4. THE MONTE CARLO METHOD 4.1 I ntroduction This chapter is aimed at describing the Monte Carlo

If Mathematical Proof is a Game, What are the States and Moves? David McAllester 1 AlphaGo Fan

AlphaZero The new Chess King How a general reinforcement learning algorithm became the worlds

Mastering Chess and Shogi by Self- Play with a General Reinforcement Learning Algorithm by

From Deep Blue to Monte Carlo: An Update on Game

CS 225 Data Structures Dec. 11 Flo loyd- Warshalls Algorithm Wad ade Fag agen-Ulm

Recent Advances in Reinforcement Learning (with a focus on ) Patrick Scholz

CS 309: Autonomous Intelligent Robotics FRI I Lecture 2: Introduction to AI Instructor: Justin

What are the emerging technologies? 1- Machine Learning (ML) 2- Block Chain Technologies (BCT)

TD3, Monte Carlo Tree Search Milan Straka December 17, 2018 - PowerPoint PPT Presentation

NPFL122, Lecture 10 TD3, Monte Carlo Tree Search Milan Straka December 17, 2018 Charles University in Prague Faculty of Mathematics and Physics Institute of Formal and Applied Linguistics unless otherwise stated Deterministic Policy Gradient

Monte Carlo Generators Monte Carlo Generators Monte Carlo Generators QCD Lecture III P .

TD3, Monte Carlo Tree Search Milan Straka December 09, 2019 Charles University in Prague

Monte-Carlo tree search for Monte-Carlo tree search for multi-player, no-limit multi-player,

Monte Carlo Tree Search 2-15-16 Reading Quiz What is the relationship between Monte Carlo tree

Monte Carlo Methods Guojin Chen Christopher Cprek Chris Rambicure Monte Carlo Methods 1.

Monte Carlo Approximation of Monte Carlo Filters Adam M. Johansen et al.
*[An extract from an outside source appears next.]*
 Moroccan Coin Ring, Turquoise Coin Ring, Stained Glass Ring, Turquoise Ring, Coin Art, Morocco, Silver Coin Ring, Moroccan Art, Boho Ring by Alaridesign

Collaborators Include:

BROCHURE 2019 TETRA JUICES DEL MONTE DEL MONTE 6 x 1L GOLD PINEAPPLE 6 x 1L 6 x 1L 6 x 1L

INF580 Advanced Mathematical Programming TD3 Complexity and MP Leo Liberti CNRS LIX,

Modern Monte Carlo Tree Search Andrew Li, John Chen, Keiran Paster 1 Outline Motivation

Balanced Search Trees Binary Search Trees Binary Search Tree Binary Search Tree A binary tree is

Chapter 5: Monte Carlo Methods Monte Carlo methods are learning methods Experience

Draft Introduction to (randomized) quasi-Monte Carlo Pierre LEcuyer MCQMC Conference,

Monte Carlo Estimation 7 January 2019 OSU CSE 1 Monte Carlo Methods Class of computational

Monte Carlo Localization Ximing Yu March 24, 2009 Ximing Yu Monte Carlo Localization 1

Monte Carlo Control CMPUT 366: Intelligent Systems S&amp;B 5.3-5.5, 5.7 Lecture Outline 1.
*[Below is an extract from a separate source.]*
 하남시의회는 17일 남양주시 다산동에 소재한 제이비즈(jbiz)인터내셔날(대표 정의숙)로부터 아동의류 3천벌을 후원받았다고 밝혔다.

4. THE MONTE CARLO METHOD 4.1 I ntroduction This chapter is aimed at describing the Monte Carlo

If Mathematical Proof is a Game, What are the States and Moves? David McAllester 1 AlphaGo Fan

AlphaZero The new Chess King How a general reinforcement learning algorithm became the worlds

Mastering Chess and Shogi by Self- Play with a General Reinforcement Learning Algorithm by

From Deep Blue to Monte Carlo: An Update on Game

CS 225 Data Structures Dec. 11 Flo loyd- Warshalls Algorithm Wad ade Fag agen-Ulm

Recent Advances in Reinforcement Learning (with a focus on ) Patrick Scholz

CS 309: Autonomous Intelligent Robotics FRI I Lecture 2: Introduction to AI Instructor: Justin

What are the emerging technologies? 1- Machine Learning (ML) 2- Block Chain Technologies (BCT)

Monte Carlo Control CMPUT 366: Intelligent Systems S&B 5.3-5.5, 5.7 Lecture Outline 1.